§ Assigned task
Here is the task for the listing below: output exactly the lines from the one containing "A vizuális-esztétikai konfliktusok jellemzői" through the one containing "కుర్రారంలో డ్రమ్ సీడర్తో", and leave out the pictures.
-=-=-
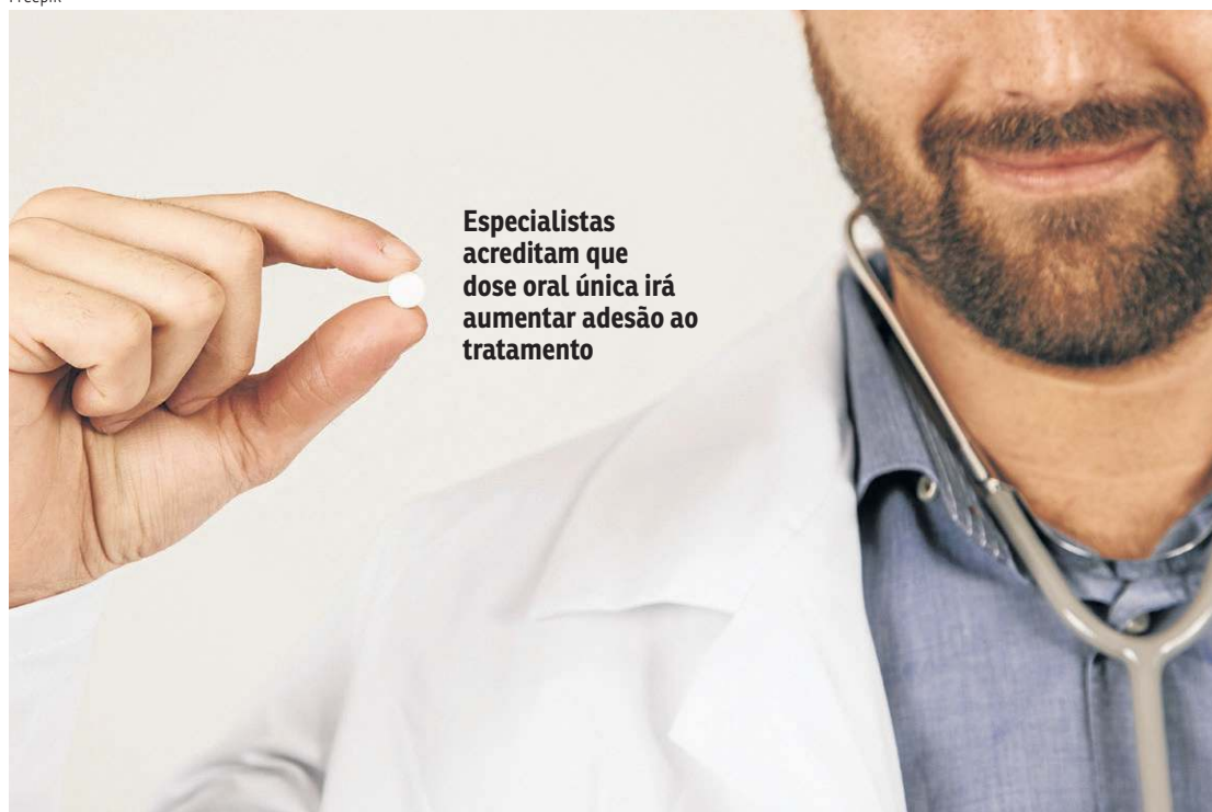
Especialistas acreditam que dose oral única irá aumentar adesão ao tratamento

ou o tratamento padrão. Os resultados evidenciaram que a zoliflodacina curou mais de 90% das infecções na região genital. O medicamento foi bem tolerado, com efeitos colaterais semelhantes aos observados na abordagem atual, e nenhum problema grave de segurança foi relatado.
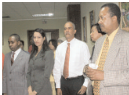
Empleados y periodistas.
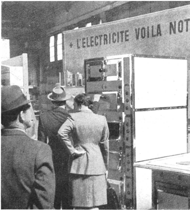
Fig. 32 In der Abteilung «Grossküchenapparate» war ständig reges Interesse für alle Apparate. Hier ein Käufer für einen Brat- und Backofen.
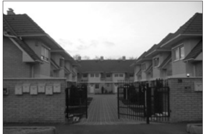
A vizuális-esztétikai konfliktusok jellemzői

Iparterületek képe: Pécel nyugati részén ipari park létesült, valamint ipari telepet terveznek létrehozni a Bartoshegyi-dűlőn és a Kelő-dűlőn is. A meglévő telep nem illeszkedik a település képébe, épületei kiemelkednek a földszintes házak közül, valamint modernebb stílusával eltér a lakóházak egyszerűbb, hagyományos építési módjától. Az új, északi telep a nyugatról érkezők szemé elé táruló lakóövezeti látványt cserélné ipari képre, a bartoshegyi telep pedig a település legmagasabb pontjait érintené,
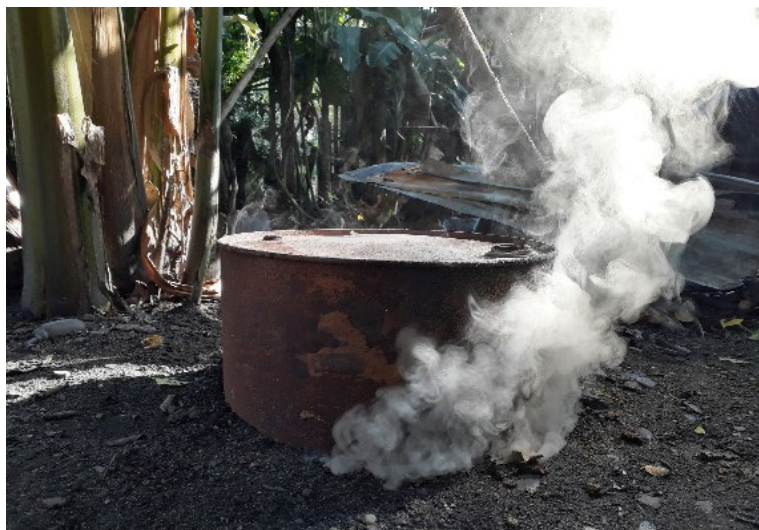
Fotografía 47. Ahumado.
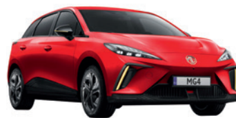
● Czerwony „Diamond Red” trójwarstwowy
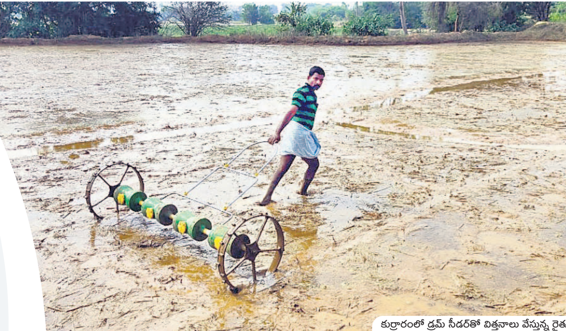
కుర్రారంలో డ్రమ్ సీడర్తో విత్తనాలు వేస్తున్న రైతు

నాలుగొండ్ల కింద చెక్క గానుగి నూనెల వ్యాపారం కోసం ఇక్కడకు వచ్చాం. అందులో అనుకున్న స్థాయిలో లాభాలు రాలేదు. మూడేండ్లు అదే కొనసాగించాం. లాభాలు అంతంతమాత్రమే ఉండడంతో కొత్తిమీర సాగుపై దృష్టి సారించాం. రెండే కరాలు లీజుకు తీసుకొని కొత్తిమీర సాగు చేశాం. ప్రతిసారి దున్నకానికి, విత్తనాలకు, ఎరువులు, కొన్ని డ్రీప్ సైస్టంలు మార్కెట్లోపాటు ఇతర ఖర్చులకు రూ.15వేల వరకు అవుతుంది. కొత్తిమీర పంట చేతికొచ్చాక రోజూ రూ.1500 వరకు వస్తుంది. ఖర్చులు పోనీ నెలకు రూ.30వేలు మిగులుతుంది. మార్కెట్కు, కరెంటుకు ఏ ఇబ్బంది లేదు. కూరగాయల వ్యాపారులు పొలం దగ్గరికి కూడా వచ్చి కొనుగోలు చేస్తారు. పండుగలు, పెండ్లిళ్ల సమయంలో హైదరాబాద్ నుంచి వస్తారు. రోజూ చేతినిండా పని దొరుకుతుంది. మా ఇద్దరికీ కూలి పడుతుంది.
-=-=-
§ Task output
A vizuális-esztétikai konfliktusok jellemzői

Iparterületek képe: Pécel nyugati részén ipari park létesült, valamint ipari telepet terveznek létrehozni a Bartoshegyi-dűlőn és a Kelő-dűlőn is. A meglévő telep nem illeszkedik a település képébe, épületei kiemelkednek a földszintes házak közül, valamint modernebb stílusával eltér a lakóházak egyszerűbb, hagyományos építési módjától. Az új, északi telep a nyugatról érkezők szemé elé táruló lakóövezeti látványt cserélné ipari képre, a bartoshegyi telep pedig a település legmagasabb pontjait érintené,
Fotografía 47. Ahumado.
● Czerwony „Diamond Red” trójwarstwowy
కుర్రారంలో డ్రమ్ సీడర్తో విత్తనాలు వేస్తున్న రైతు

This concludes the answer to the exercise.